Но вернемся в начало пути «Пилигрима». В 1995 году вышел моноспектакль «Человеческий голос» по пьесе французского драматурга Ж.Кокто. Об этом спектакле польская газета «Wyborcza» опубликовала статью критика Тадеуша Шилейко «Магия театра», где отозвалась об актерской работе Елены как о редком явлении в современном театральном мире, ныне более склонном представлять, чем чувствовать. Свойственная ей манера, слушая себя изнутри, подробно передавать ощущение образа в полузаметных жестах, интонациях вызывает зрителя к двум главным состояниям, необходимым для взаимопонимания актера и зрителя: со-чувствию и со-переживанию, на которых основывается магия театрального действа «здесь и сейчас». Это качество, кстати, свойственно им обоим — и Лене, и Олегу. Суховатый и немногословный в жизни, на сцене Олег может быть и разудалым, и нежно-лиричным, и жестким, и вдруг принять мистически-завлекающий образ сказочника.

С 1994 года в жизнь театра входит вертеп. Не пугайтесь — не тот вертеп, не разбойничий, а взявший свое название от пещеры («вертеп» — древнеславянское обозначение пещеры или глубокого оврага), где, по преданию, родился Спаситель. Это кукольный театр, возникший в традициях рождественских западнославянских вертепных представлений, ящик с куклами, где разыгрывались сцены первых дней жизни Христа.

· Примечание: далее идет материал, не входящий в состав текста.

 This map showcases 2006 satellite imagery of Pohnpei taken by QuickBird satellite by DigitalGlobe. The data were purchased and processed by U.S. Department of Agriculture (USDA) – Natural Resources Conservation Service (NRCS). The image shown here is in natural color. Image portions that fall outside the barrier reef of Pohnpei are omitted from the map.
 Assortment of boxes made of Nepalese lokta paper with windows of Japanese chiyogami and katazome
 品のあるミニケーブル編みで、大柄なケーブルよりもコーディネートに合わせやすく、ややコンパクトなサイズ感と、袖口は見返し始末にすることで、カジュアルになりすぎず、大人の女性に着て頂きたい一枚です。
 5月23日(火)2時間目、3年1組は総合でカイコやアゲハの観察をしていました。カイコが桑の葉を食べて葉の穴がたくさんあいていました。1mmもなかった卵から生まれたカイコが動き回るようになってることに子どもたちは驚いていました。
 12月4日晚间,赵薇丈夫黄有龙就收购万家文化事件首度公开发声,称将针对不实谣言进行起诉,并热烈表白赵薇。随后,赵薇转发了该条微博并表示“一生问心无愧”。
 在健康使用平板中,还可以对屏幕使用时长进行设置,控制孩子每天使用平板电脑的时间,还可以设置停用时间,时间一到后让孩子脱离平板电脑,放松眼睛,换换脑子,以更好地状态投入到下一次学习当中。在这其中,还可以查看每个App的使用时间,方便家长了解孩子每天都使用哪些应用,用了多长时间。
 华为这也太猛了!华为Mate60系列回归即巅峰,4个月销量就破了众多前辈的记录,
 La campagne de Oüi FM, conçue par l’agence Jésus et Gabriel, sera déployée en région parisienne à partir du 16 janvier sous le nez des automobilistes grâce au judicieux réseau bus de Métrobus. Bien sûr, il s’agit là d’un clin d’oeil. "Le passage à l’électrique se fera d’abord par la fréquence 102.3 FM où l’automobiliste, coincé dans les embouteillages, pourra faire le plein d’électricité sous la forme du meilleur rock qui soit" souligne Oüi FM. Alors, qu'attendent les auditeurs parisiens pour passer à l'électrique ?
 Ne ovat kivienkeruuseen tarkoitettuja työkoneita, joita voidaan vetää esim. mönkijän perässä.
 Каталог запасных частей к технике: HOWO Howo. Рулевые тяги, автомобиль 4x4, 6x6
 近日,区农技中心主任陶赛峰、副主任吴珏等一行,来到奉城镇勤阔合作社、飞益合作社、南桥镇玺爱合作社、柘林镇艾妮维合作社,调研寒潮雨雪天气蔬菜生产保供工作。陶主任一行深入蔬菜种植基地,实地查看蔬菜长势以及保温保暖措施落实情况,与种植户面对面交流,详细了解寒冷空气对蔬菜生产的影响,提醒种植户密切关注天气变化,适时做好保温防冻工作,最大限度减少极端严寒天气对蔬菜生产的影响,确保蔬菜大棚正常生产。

Первый вертепный спектакль— «Ирод-царь». Тогда Олег, Лена, коллеги по театру Юлия Мещерина, Ирина Макаренкова представляли не только в «Лиге» — желающие (поначалу это были друзья и семьи, чьи дети посещали воскресную школу) приглашали вертепщиков к себе в дом. Именно им всем, и ребятам из воскресной школы, принадлежит честь возрождения в Коломне старинного обряда рождественских колядок с Вифлеемской звездой на шесте, духовными песнопениями для хозяев, ряжеными, мешком для подарков. Позже Олег рассказывал, что лучше всего изначально их принимали в Бобреневе, где они захаживали к тамошним старушкам, а вот попытка такого же похода в Колычево успехом поначалу не увенчалась — тогда их приняли с негативным, мягко говоря, недоумением. Сегодня эта традиция уже перенята другими воскресными школами города. Вообще, «Пилигрим», большую часть своих спектаклей предназначает для детей и школьников, считая, что магия театра — одна из возможностей формирования юных душ, которые сегодня, как никогда, нуждаются в нравственных инъекциях стирающихся представлений об идеалах добра, милосердия, любви. С той же легкой руки все новое развитие и расширяющуюся в пределах Подмосковья географию получил Рождественский театральный фестиваль «Вертеп», пятый год проводимый в Коломне.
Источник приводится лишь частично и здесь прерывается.